Well, I’m pleased to say that in some ways, with certain aspects of my pain, I’m getting some relief with the helpful prescription writing skills that Dr. Hopwood brings to the table. It turns out (and I’ve probably already told you this) that opiates, including hydromorphone, are not much good at attenuating neuropathic pain, that is pain that originates in the nervous system. Most of my pain over the past couple of months has been dominated by neuropathic pain in my back and legs. It turns out the neural systems in my back and legs aren’t doing a great job of controlling the large muscles of my lower body. Fact is, the muscles in my legs dance constantly with fasciculations.* You may experience the odd fasciculation, but my legs are alive with them to the point where my legs have less than ideal control coming from the nerves that are supposed to make them move without us thinking about it, I lose my balance constantly, and use two canes to walk.

How often do you get a house call from a doctor?

Well, Dr. Hopwood and Adele came over to the house a few days ago for a consultation. We all sat on the deck at a proper distance apart and Adele and Dr. Hopwood wore face masks. We talked for quite some time before Dr. Hopwood arrived at a strategy to help with the pain in my back and legs. I won’t get into details, but it doesn’t involve more opiates. I’ve been on the regime that Dr. Hopwood recommended for almost a week now and it’s going well so far. I have other pain issues, but they have to be resolved in other ways. More on that later.

This past Wednesday during a regular consultation with my GP oncologist, Dr. Bakshi, I put it to him that I felt my mobility was being severely compromised and that my quality of life was being significantly eroded, especially in the last two months or so. For instance, over the past couple of months my legs have given way on me four times and I’ve found myself on the ground with no ability to get up. Thankfully, there was always somebody with me to help me get back up.

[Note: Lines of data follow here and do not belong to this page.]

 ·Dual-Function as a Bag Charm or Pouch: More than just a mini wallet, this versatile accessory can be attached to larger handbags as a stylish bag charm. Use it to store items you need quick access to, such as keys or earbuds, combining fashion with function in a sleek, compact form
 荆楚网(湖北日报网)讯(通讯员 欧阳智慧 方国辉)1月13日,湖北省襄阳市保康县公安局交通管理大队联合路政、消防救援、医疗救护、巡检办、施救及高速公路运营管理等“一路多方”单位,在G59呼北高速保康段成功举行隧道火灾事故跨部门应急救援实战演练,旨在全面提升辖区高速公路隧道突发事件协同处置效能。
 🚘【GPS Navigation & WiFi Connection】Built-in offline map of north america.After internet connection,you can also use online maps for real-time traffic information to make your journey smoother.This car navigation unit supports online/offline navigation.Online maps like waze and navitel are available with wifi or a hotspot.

I told him I was seriously considering abandoning my current course of chemo. I was gratified to find that he was in complete sympathy with me. He said that I had successfully completed more than 80% of my suggested nine cycles of chemotherapy which would have taken me to October 6th. So, I made the decision to put my chemo into abeyance. What does that mean?

Well, it means that I’m off chemo for the foreseeable future. My last blood work shows that my blood is normal with very little paraprotein, good liver and kidney function. Now we just have to wait to see when the myeloma will again haunt my bones, veins, and arteries, because it surely will. It’s just a matter of time. Of course, I still have intense neurological pain and severe weakness in my legs. That won’t go away any time soon, if ever. We just have to wait and see.

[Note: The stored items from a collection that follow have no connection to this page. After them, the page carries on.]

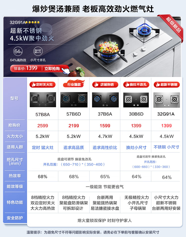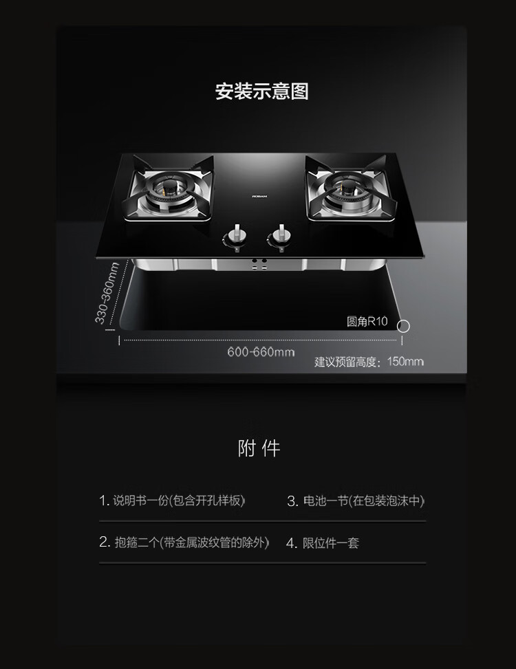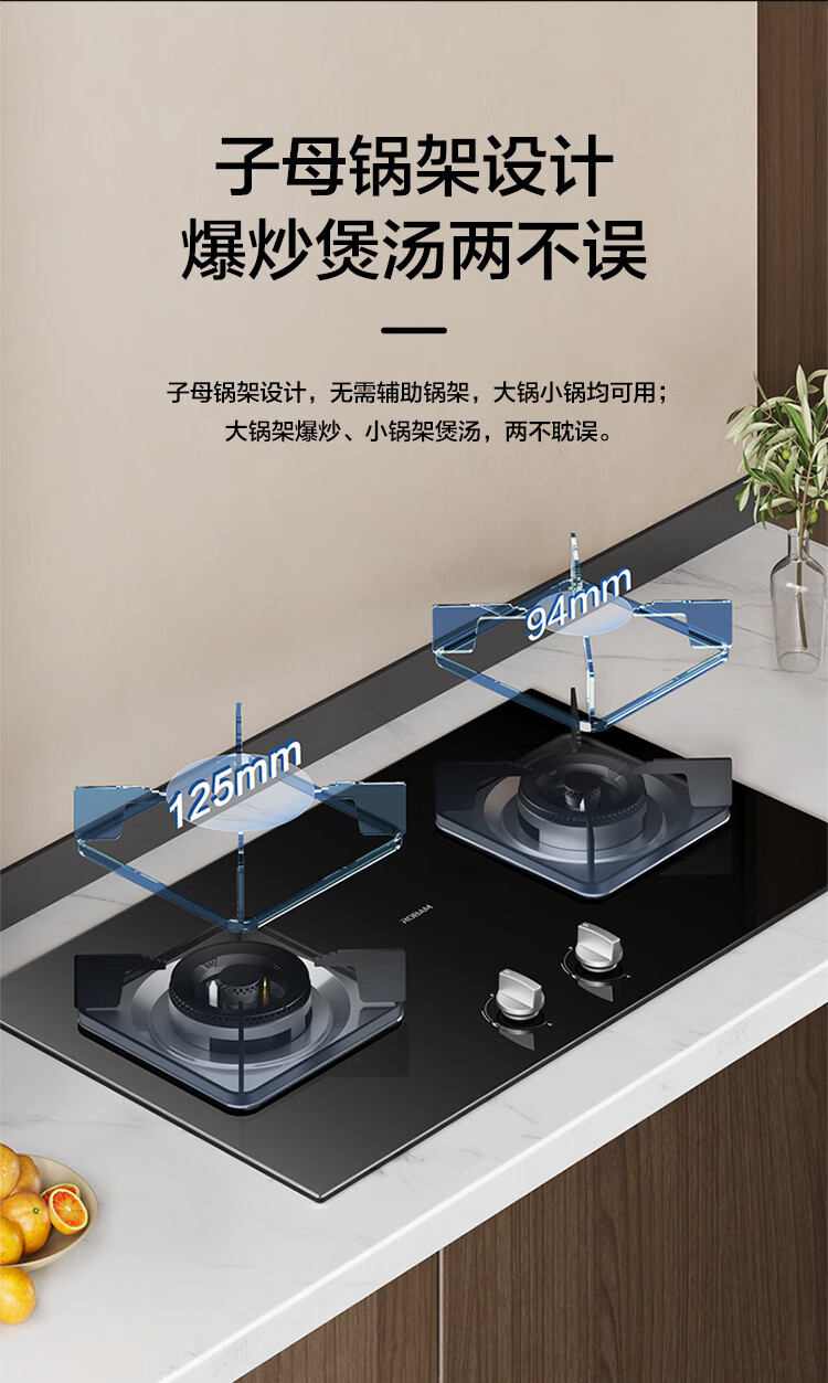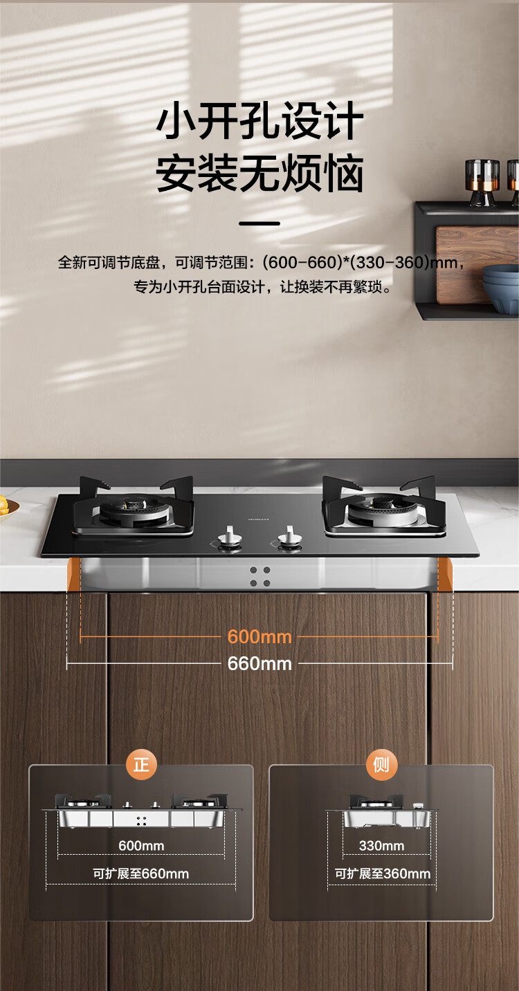 老板(Robam)JZT-30B6D 燃气灶天然气灶双灶嵌入式 4.5kW小尺寸换装可调节灶具灶台 易洁台嵌两用高效猛火灶家用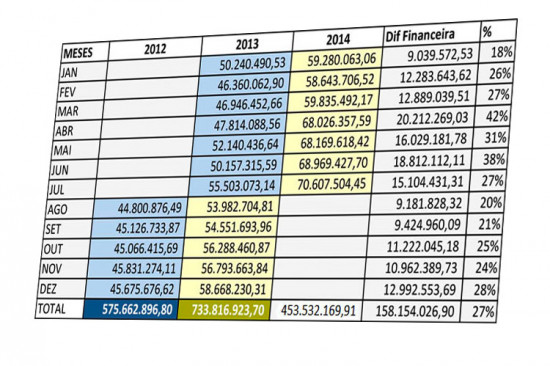 Nos sete primeiros meses de 2014, a Prefeitura já injetou na economia do município R$ 453.532.169,91. De agosto de 2013 a julho de 2014, foram R$ 733.816.923,70, enquanto que, um ano antes, o valor era de R$ 575.662.896,80, o que representa um crescimento vegetativo da folha de pagamento de R$ 158.154.026,90.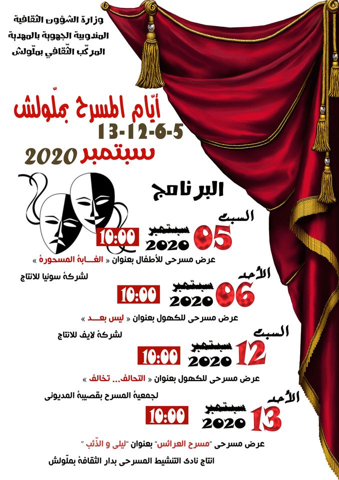 تنطلق غدا السبت فعاليات تظاهرة "أيام المسرح بملّولش" التي تمتد أيام 5 و 6 و 12 و 13 سبتمبر 2020 التي ينظمها المركب الثقافي بملّوش تحت إشراف المندوبية الجهوية للشؤون الثقافية بالمهدية.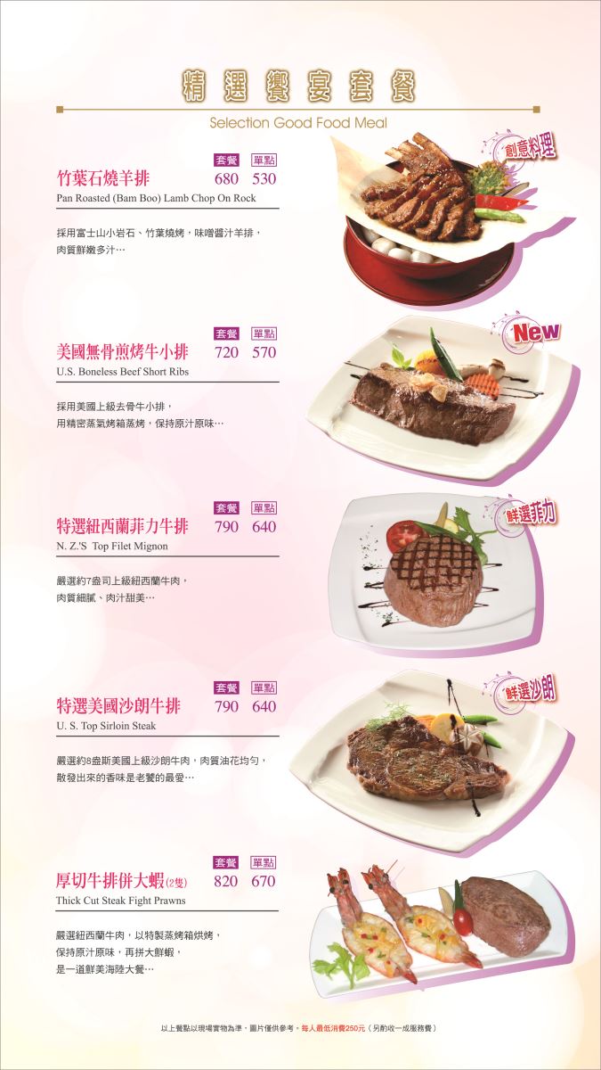 【御書園食尚牛排】從經典牛排西餐基礎中脫胎換骨,將二十年的西餐專業,加入創意發想,激盪出時尚、品味的全新風格,以套餐的形式打造出「食尚牛排館」特色,精緻優質的品質與服務,要讓你感受嶄新的品牌活力。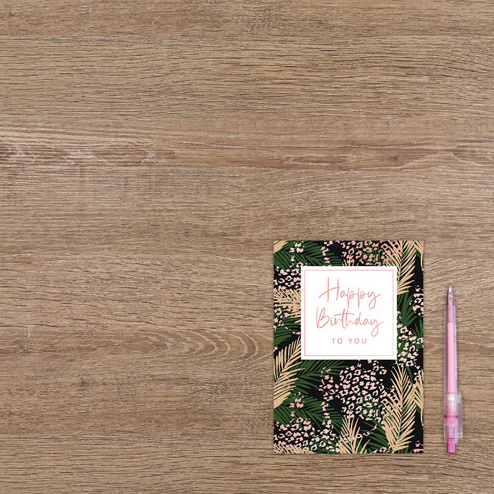 De wenskaart heeft een afmeting van x en een staande vorm. Op deze wenskaart zijn bladeren in groen en goud te zien met lichtroze vlekken die bloemen voorstellen. In het midden zit een wit blok met de gouden tekst: "Happy birthday to you". De binnenzijde van de wenskaart is blanco wat voldoende ruimte geeft om een persoonlijke boodschap te schrijven .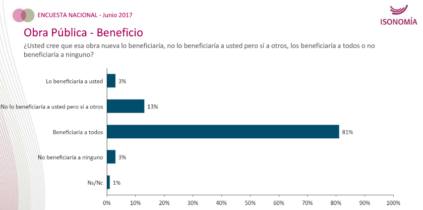 Ante el planteo de si en caso de observar una reactivación de la obra pública a quién cree que beneficiaría: el 81% estimó que a todos, el 13% que no lo beneficiaría específicamente a él pero sí a otros y el 3% que no sería beneficioso para nadie.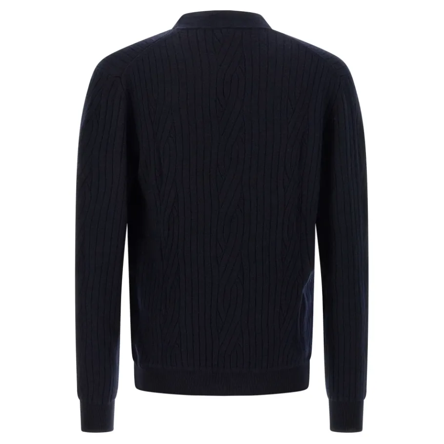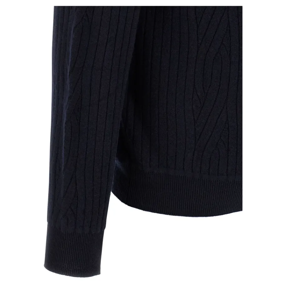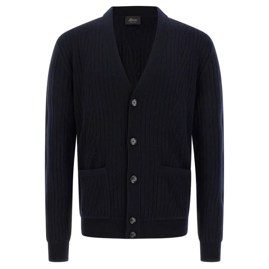 Brioni wollen en kasjmieren cardigan met ribbels en vlechtwerkdetails, een V-hals en knoopsluiting aan de voorkant voor verfijnde laagjes. Belangrijkste kenmerken: Blauw | Wollen en kasjmieren mix | Knoopsluiting aan de voorkant | Zakken | Ribbel- en vlechtwerktextuur | V-hals | Lange manchetten | Samenstelling & verzorging: Wol | Kasjmier

*A fasciculation, or muscle twitch, is a spontaneous, involuntary muscle contraction and relaxation, involving fine muscle fibers. They are common, with as much as 70% of people experiencing them. They can be benign, or associated with more serious conditions. When no cause or pathology is identified, they are diagnosed as benign fasciculation syndrome. (Wikipedia)

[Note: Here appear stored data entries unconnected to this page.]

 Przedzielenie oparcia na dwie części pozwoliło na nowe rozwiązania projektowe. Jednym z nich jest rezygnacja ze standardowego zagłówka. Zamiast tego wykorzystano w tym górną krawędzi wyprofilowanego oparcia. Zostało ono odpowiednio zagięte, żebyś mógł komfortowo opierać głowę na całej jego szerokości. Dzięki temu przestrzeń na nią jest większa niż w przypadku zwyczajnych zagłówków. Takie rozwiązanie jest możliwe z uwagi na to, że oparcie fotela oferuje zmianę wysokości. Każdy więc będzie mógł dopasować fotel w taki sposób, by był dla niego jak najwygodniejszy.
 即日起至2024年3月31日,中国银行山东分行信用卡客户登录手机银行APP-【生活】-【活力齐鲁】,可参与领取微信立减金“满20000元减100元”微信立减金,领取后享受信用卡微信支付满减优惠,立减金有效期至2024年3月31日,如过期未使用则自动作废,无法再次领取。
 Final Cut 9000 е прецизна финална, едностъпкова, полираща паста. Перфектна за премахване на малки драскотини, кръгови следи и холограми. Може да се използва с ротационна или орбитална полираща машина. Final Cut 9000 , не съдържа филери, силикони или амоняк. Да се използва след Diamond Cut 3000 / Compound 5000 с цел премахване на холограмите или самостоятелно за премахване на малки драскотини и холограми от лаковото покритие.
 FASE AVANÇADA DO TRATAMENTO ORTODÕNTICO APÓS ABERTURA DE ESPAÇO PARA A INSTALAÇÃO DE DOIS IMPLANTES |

Now for some wee bugs. I bought a 1000 power microscope on the internet that is pretty cheap but operates in conjunction with an app on my iPhone. It takes photos and videos. I find it fascinating that this little microscope can ‘see’ things I can’t see at all with my naked eye. I may use some of these photos as a basis for art work.

I caught these little guys at very high magnification on the backside of wisteria leaves. I have no idea what they are called. Any idea? I think they’re mites, but ???